- Born: Adriana Valdés Budge October 3, 1943 Santiago, Chile
- Writing career
- Notable awards: 2010 Altazor Prize in literary essay category for her book of Enrique Lihn
- Literary movement: Essayist

= Adriana Valdés =

Chilean essayist

Adriana Valdés Budge (born October 3, 1943 in Santiago, Chile) is a Chilean writer essayist.

== Biography ==
Valdés studied at the Catholic University of Chile. She taught literature at that University (1965–1975) and, after 25 years working for the United Nations, went back to postgraduate teaching on arts at the University of Chile for some years after 2002.

She writes on visual arts and literature. Two collections of her essays were published in book form, in 1996 and 2006. With Pedro Lastra she co-edited the posthumous book of Enrique Lihn, "Diario de muerte", in 1989. She was named a Fellow of the Chilean Academy of Language in 1993. In 2010 she became the first woman to serve as deputy director of the Academy. She was reelected to this position in 2013.

She received the 2010 Altazor Award in literary essay category for her book Enrique Lihn: vistas parciales, and in 2013 was short-listed for the same award for her book on "De ángeles y ninfas", on Aby Warburg and Walter Benjamin. Along with Alfredo Jaar, she published Studies on Happiness, Barcelona, 1999. She has edited a book on the painter Roser Bru (1996) and two books about the artist Alfredo Jaar: Jaar/SCL/2006 and Venezia, Venezia (2013).

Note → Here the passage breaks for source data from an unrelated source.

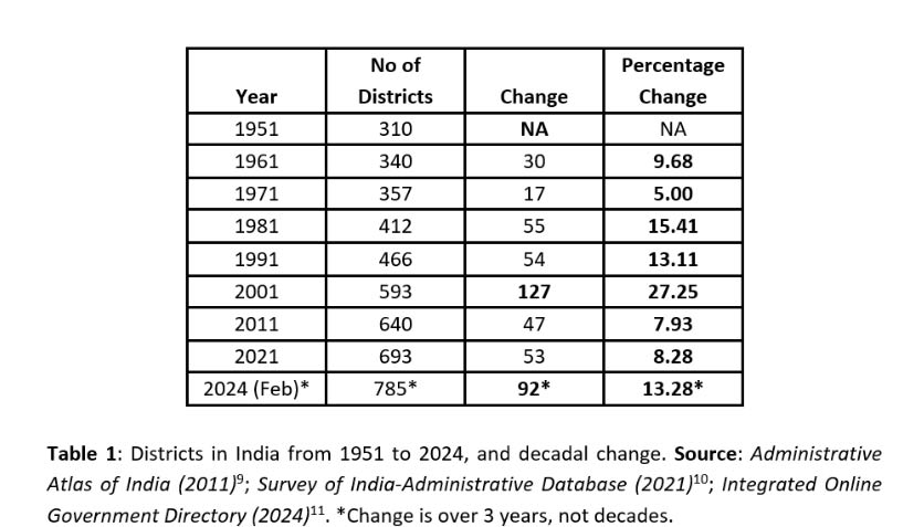 Between 1951 to 2024, India’s population has increased close to 4 fold (361 million to 1400 million), while the average district population has indeed increased only 2.2 fold from 1.16 million to 1.78 million, thereby justifying the creation of a large number of new districts in recent times.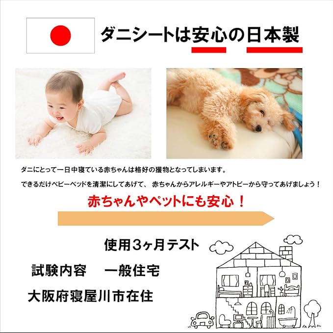 注意:お色味は選べません。製造段階で発生する規定基準をクリアしていないダニシートです。 正規品と同等に使えるのにもったいない事から、低価格でお客様に喜んでいただけたらと思いで、販売しております。 生地や縫製、サイズ感に正規商品とは異なりますが、使用効果に問題ございませんのでご安心してご使用ください。 ダニに刺されるととっても危険です!! ダニにいそうな気になる場所に置いておくだけカンタン!! 誘引剤は殺虫剤不使用なので赤ちゃんやペットにも安心です。 誘引剤に誘われたダニが粘着テープにくっつき捕獲するので死骸が飛び散らない! 強力粘着テープでダニを捕獲!フルーティな香りのマットタイプ 効力:開封後約3カ月 使用期限付きシール付き ダニ捕獲有効面積:1枚で2~3畳 ●設置方法について ダニは暗い場所を好みますので、光が当たらない場所が効果的です。 ●設置場所 カーペット、絨毯の下・ベッドや敷布団の下・押入れのお布団の間、クローゼットの中・ソファーとソファーカバーの間・車シートの下、ペットマットの下・玄関マットの下 等 布団の下に設置する場合は足元の方へ置いてください。 ※染色の関係で多少、生地色が異なる場合があります。 ※本商品はイエダニ、マダニは対象外です。 ・イエダニは、飲食店の入った雑居ビルに生息し、ネズミの血を餌にしています。 ・マダニは、森林や草むらに生息しています。ペットのお散歩にご注意ください。 ●使用後の処理について 商品は綿100%ですので、使用期限が終わりましたら一般家庭の燃えるゴミとして処理してください ●キーワード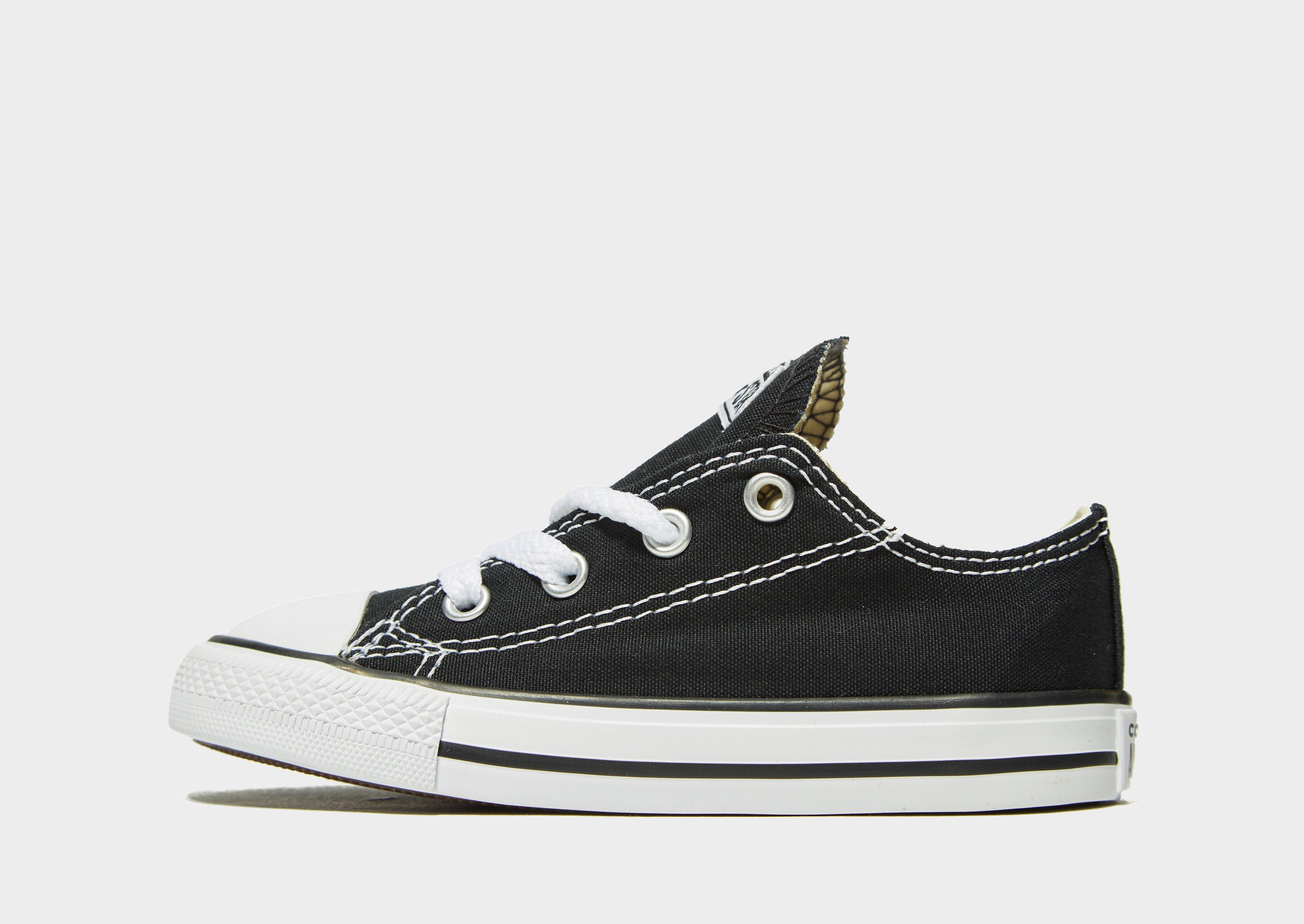 Keep their sneaks simple and signature with these infants' All Star Ox trainers from Converse. A true classic, these iconic shoes first hit the shelves in '57, and the design hasn't changed since. Built with a durable canvas upper in a classic black colourway, the downsized sneaks offer comfort and flexibility that's perfect for your little one. Sat on the brand's infamous striped midsole, they're finished with a gum rubber outsole, signature All Star branding to the tongue and a license plate to the heel._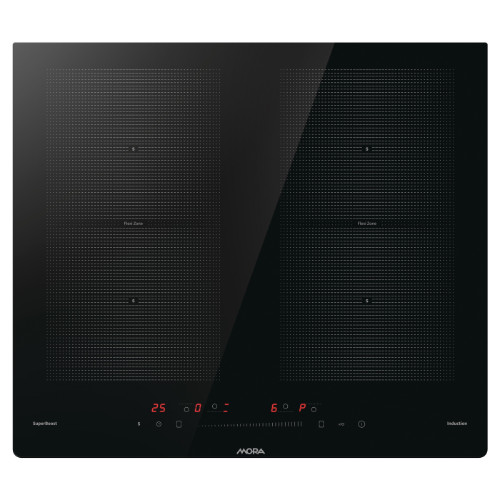 Indukčná vstavaná sklokeramická platňa MORA VDIT 654 C s praktickými zbrúsenými hranami, vďaka čomu ju môžete jednoducho zabudovať aj do roviny s pracovnou doskou, disponuje 4 indukčnými zónami, ktoré zahrievajú len dno nádoby a z dôvodu nízkej teploty povrchu varnej platne nedôjde k pripáleniu a platňa sa veľmi ľahko čistí. Ponúka maximálnu flexibilitu a univerzálnosť, pokiaľ ide o počet, veľkosť alebo tvar riadu – od veľmi malých až po veľké, vrátane ľubovoľných tvarov. Vďaka špeciálnym oktagónovým zónam FlexiZone môžete spojiť dve varné zóny nad sebou a vytvoriť tak priestor pre viacero malých hrncov či jeden veľký hrniec alebo pekáč. Indukčné varenie je nielen rýchle, úsporné, ale aj veľmi bezpečné. Varná platňa disponuje extra výkonom SuperBoost, ktorý zvyšuje intenzitu ohrievania, pre skrátenie času, potrebného na ohrev. S funkciou Timer je možné nastaviť časovač varenia až na 99 minút a varná platňa sa po uplynutí času automaticky vypne. Doplnkom je tzv. kuchynská minútka TimeMinutes, ktorá je nezávislá od varných zóny, takže po uplynutí nastaveného času vás len upozorní špeciálny zvuk. Vďaka detskej poistke teraz nechať deti v kuchyni bez dozoru nebolo nikdy bezpečnejšie, pretože táto funkcia im bráni varnú platňu zapnúť.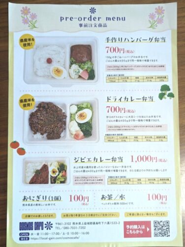 おすすめした大豆ミート使用のドライカレーの他、手作りのハンバーグ弁当に、水上村のシカ肉が使われているジビエカレーのお弁当の注文ができます。

In 2018 she received the Santiago Municipal Literature Award in the Essay category for Redefinir lo humano: las humanidades en el siglo XXI.

== Books ==

- Composición de lugar. Escritos sobre cultura. Santiago: Editorial Universitaria, 1996.
- Memorias visuales. Arte contemporáneo en Chile. Santiago: Metales Pesados, 2006.
- Enrique Lihn: vistas parciales. Santiago: Palinodia, 2008.
- Señoras del buen morir (poetry). Santiago: Orjikh, 2011.
- De ángeles y ninfas. Conjeturas sobre la imagen en Warburg y Benjamin. Santiago: Orjikh, 2012.